One other thing you need to get in the habit of it "thumbing" the spool. When you cast out and everything is going good, just before your lure hits the water, start slowing down the spining of the spool with your thumb. Then just when the lure hits the water, stop the spool with your thumb, then let it go so that the lure continues to sink straight down... this is where you can pull off some line and let it free fall


----------



## russ010 (Apr 12, 2010)

One other thing, just to get the hang of it... is to do a side arm cast. You release the bait just before your rod is perpendicular to your body. If you cast overhand, you need to cast between the 12 oclock and 10 oclock positions.

What size lures and on what size line are you throwing?

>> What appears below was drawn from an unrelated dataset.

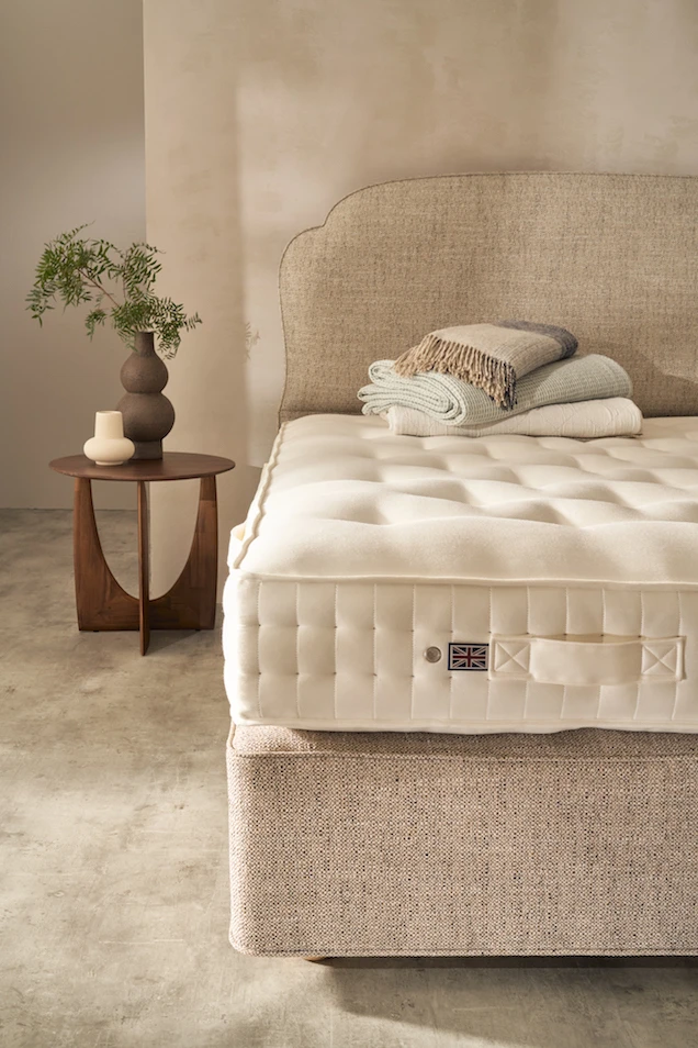 The Vispring Lana special edition bed is exclusive to The Bed Specialist. Crafted by hand, Lana is filled with a sumptuous blend of locally sourced Exmoor Horn wool, cotton and Tencel – a supremely durable and sustainable fibre, produced from tree pulp along with durable horsetail for added plump and support.

The larger the line, the easier to learn to cast... I would start off with 15# Seaguar Red Label fluoro and a 1/4oz texas rigged worm... you can move on to bigger and better things from there (and I don't mean heavier weights, I actually mean lighter lines)


----------



## Loggerhead Mike (Apr 12, 2010)

lol i had the same problem and just couldnt ever get it rite. ended up selling the reel and going back to the trusty spinners


----------



## perchin (Apr 12, 2010)

Ok so the magnet settings are on the left hand side numbered 1 to 10, I set it at 7 and set the drag like you told me. It still bird caged on me...... gotta get used to this thumbing thing...yikes I suck at it #-o Question though what is this third knob? The one I'm pointing at.


----------



## dyeguy1212 (Apr 12, 2010)

Various names for that part, I call it what most manuals call it: a cast control knob. It is the main braking for the baitcaster, and should be the first thing you set. 

Turn the knob on the left side to 1. 

Hold the rod at a 45 degree angle upward, with your bait hanging about 4 or 5 inches from the tip of the rod. 

Screw the cast control knob on the left all the way to the right (doesn't have to be tight, you're backing it back out anyways).

Disengage the spool by pressing the thumb bar down. The bait shouldn't move.

Slowly turn the cast control knob to the left until the bait begins the slowly drop. For beginners, I suggest you set it so that when the bait freefalls and hits the ground, the spool should make no more than one full turn before stopping.

Now set the left dial to 7 or 8, and start casting. As you get more comfortable, you can reduce the number on the left to where ever you get the best performance.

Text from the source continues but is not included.